В субботу 26
сентября в Московском музее современного искусства на Петровке в рамках проекта
«Мастерская женского творчества. История женской культуры в постсоветском
пространстве: 1989–2009 годы» – замысел Натальи Каменецкой и Оксаны Саркисян – состоялась
презентация диска, посвященного постсоветской истории женского искусства. Диск
содержит большую часть материалов двухтомного каталога, который, как
предполагается, выйдет на следующий год одновременно с выставкой в ММСИ –
«Свидетельство отсутствующего субъекта», – посвященной этому проекту.
Такое начало,
безусловно, обещает много. Ведь несмотря на то, что разговор о гендере ведется
в российском искусстве с конца 80-х, за эти двадцать лет он так и не стал
дефолтной областью художественной работы.
Возможно,
планируемая выставка каким-то образом поможет выровнять эту ситуацию. Уже само
по себе произнесение огромного количества имен действующих художниц, готовых
высказываться на тему гендера, дорогого стоит.
Но первое, что
бросилось в глаза, – крайняя противоречивость позиции организаторов и
участников: казалось, они делали все, чтобы максимально смягчить предполагаемые
«острые углы» гендерного дискурса и превратить его в абстракцию.
Это создало
странный эффект полнейшего отчуждения от главной темы. По сути, в большинстве высказываний
гендер рассматривался как нечто, существующее за рамками российской реальности.
Апогеем стала
речь художницы Ирины Наховой. Застенчиво предположив, что современное русское
искусство не обязательно должно быть развлекательным и смешным, она еще
осторожнее затронула проблему восприятия другого
как чуждого в российском социуме:
«конечно, я не говорю о расизме, но в нашем обществе мы должны держать в
голове гендерный дискурс как часть борьбы за равенство». Затем Нахова вернулась
к своему опыту западных выставок, упомянув, что обсуждения одного из ее
проектов сопровождали «резкие высказывания по поводу race, harrassment и homosexuality».
Само по себе
произнесение этих слов на английском как будто подразумевало, что не только
самих этих явлений, но и поля для их обсуждения в русском искусстве нет и не
предвидится.
Действительно,
мотив, который звучал в речи выступавших художниц чаще всего, был связан с
переживанием периода «нон-конформизма», когда гендер и смежные с ним проблемы отсутствовали
de jure, представляясь в советском масштабе более мелкими, чем сопротивление
власти в целом и утверждение прав человека как личности.
Всякому, кто
знаком с тенденциями т.н. актуального искусства, будет нетрудно проследить
продолжение этого явления. Разрушение тоталитарной системы привело к тому, что и
социальные проблемы перестали быть монолитом и потребовали нового осмысления.
Однако
постсоветское художественное образование не предлагало решений, связанных с
приватным пространством, продолжая навязывать монументальное искусство. По этой
причине многие, сделавшие в 80-х гг. карьеру художника, ощущали необходимость
говорить о социальности, но сами эту социальность как нечто значимое не видели.

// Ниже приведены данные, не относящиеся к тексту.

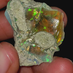 This authentic raw Ethiopian opal offers vibrant color play and natural brilliance, making it a valuable addition to any gemstone collection.
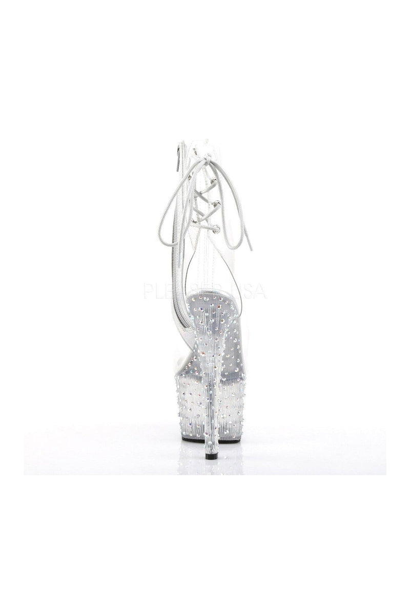 7" (17.8cm) Heel 2 3/4" (7cm) Platform Open Toe/Heel Lace-Up Back Ankle Boot Featuring Multi-size Rhinestone Encrusted on the Bottom Inside Zip Closure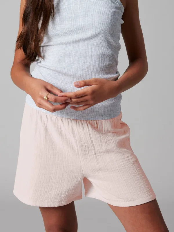 Voor zomerse dagen en ontspannen momenten is deze lichtroze korte broek voor meisjes een fijne basic in de kledingkast. De short heeft een zachte textuur en een effen kleur, waardoor hij makkelijk combineert met T-shirts, tops en sweaters. Gemaakt van 100% katoen voelt de stof luchtig en comfortabel aan op de huid, ideaal voor schooldagen, speelafspraken en vakantie.Comfortabele short met zachte textuur Gemaakt van 100% katoen, voor een soepele en zachte touch Lichtroze kleur met subtiele textuur voor een rustige, moderne look Elastische tailleband met regular waist voor comfortabel draaggemak Effen ontwerp zonder zakken voor een rustige, strakke uitstraling Valt normaal volgens het maatadvies, geschikt voor schoolkind en tiener Wasvoorschrift: handwas, niet strijken en niet in de droogtrommel drogenElke dag draagbaarDeze casual short is gemaakt om vaak te dragen. De elastische tailleband maakt aan- en uittrekken eenvoudig, ook zelfstandig. De korte broek is prettig op warme dagen.LMTD voor moderne kidsLMTD richt zich op kinderen en tieners die graag eigentijdse kleding dragen met een relaxte uitstraling. De collecties sluiten aan op trends, maar blijven tegelijk draagbaar voor elke dag. Met deze korte broek kies je voor een doordachte basic waar veel combinaties mee mogelijk zijn.Een lichte, comfortabele short die moeiteloos meedraait in het dagelijkse ritme.

Художник скорее готов был лаять, как
собака, привлекая к себе внимание. Подобный ход действительно работал,
тогда как почти всякое появление политики в искусстве носило бутафорский
характер – вроде произведений Комара и Меламида в 80-е или групп АЕС+Ф или
«Синие носы» в 2000-е; в обоих случаях эти проблемы активно эксплуатируются без
тени осмысления.
Такое
игнорирование социального в результате стало общей и неприятной тенденцией.

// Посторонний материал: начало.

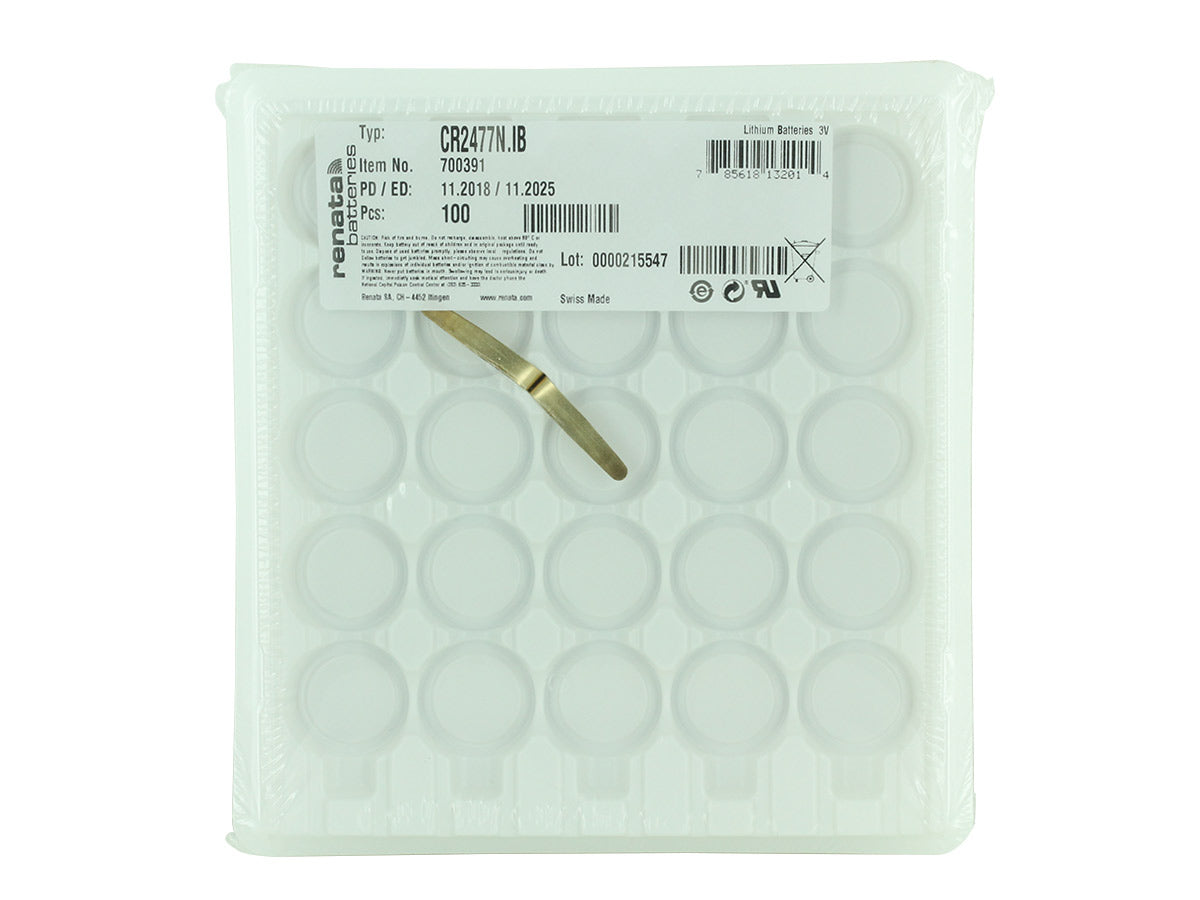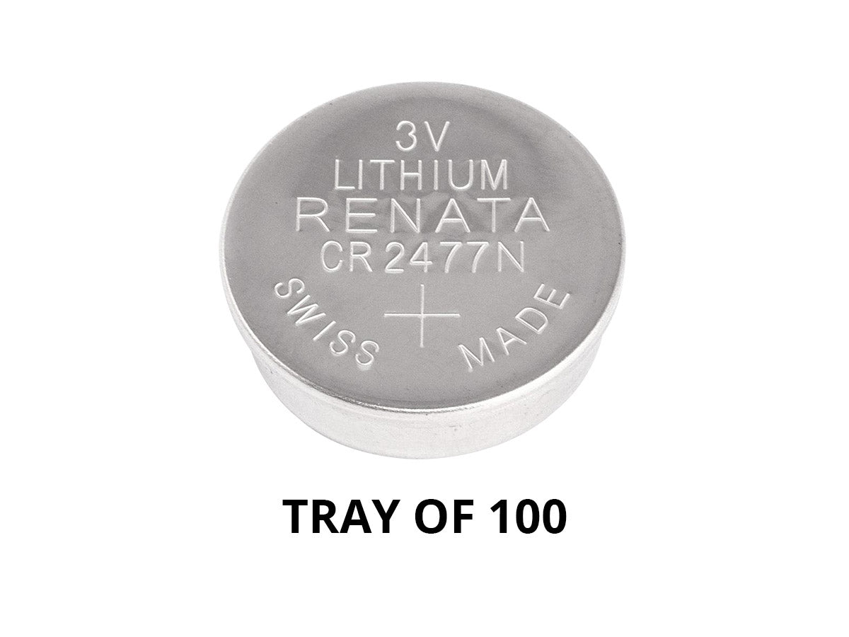 Renata CR2477N coin cells are composed of a Lithium chemistry for long-lasting coin cells that will power small continuous-use devices. With 3 volts of power and a 950mAh capacity, these button cells are prime for different applications, such as powering remotes, hearing aids, thermometers, calculators, and watches. Using only the highest quality materials available, these cells have a distinct reliability that comes in the form of a vast operating temperature range - extreme heat and cold will not slow these batteries down for even a second making them a reliable source of power in any climate.

Вроде того, как в современной архитектуре, чтобы придать старому зданию
приличный вид, нахлобучивают на него пластиковый фасад. Итог оказался плачевным
и довольно комическим: беседа о социальных процессах стала чем-то вроде дежурного
кода, необходимого не нам, но западному рынку.
Но мода на все
советское, а затем на все постсоветское давно прошла. И сейчас эта стратегия
изготовления муляжей не выглядит ни достойной, ни успешной. Больше того,
вызывает недоумение, когда Марат Гельман, один из главных пропагандистов
радикальной политизации искусства, пишет в своем блоге: «Cегодня подумал, что рядом с каждым успешным мужчиной есть
женщина, делающая практически всю работу. У меня в галерее работают одни
женщины, а художники практически одни мужчины. В музее мы с Сурковым чего-то
там командуем, а работают девчонки. И так у всех вокруг. У Кирилла
Серебренникова на Территории, у Мильграма в министерстве – везде. Это что – природой предопределено, или
только в искусстве?» Это как если бы в президентском блоге появилась
запись: «Сегодня подумал, что на Тверской улице много странных людей,
замотанных в три слоя пальто, с иконками на шее и протянутой рукой. Это что – природой предопределено, или только в Москве?».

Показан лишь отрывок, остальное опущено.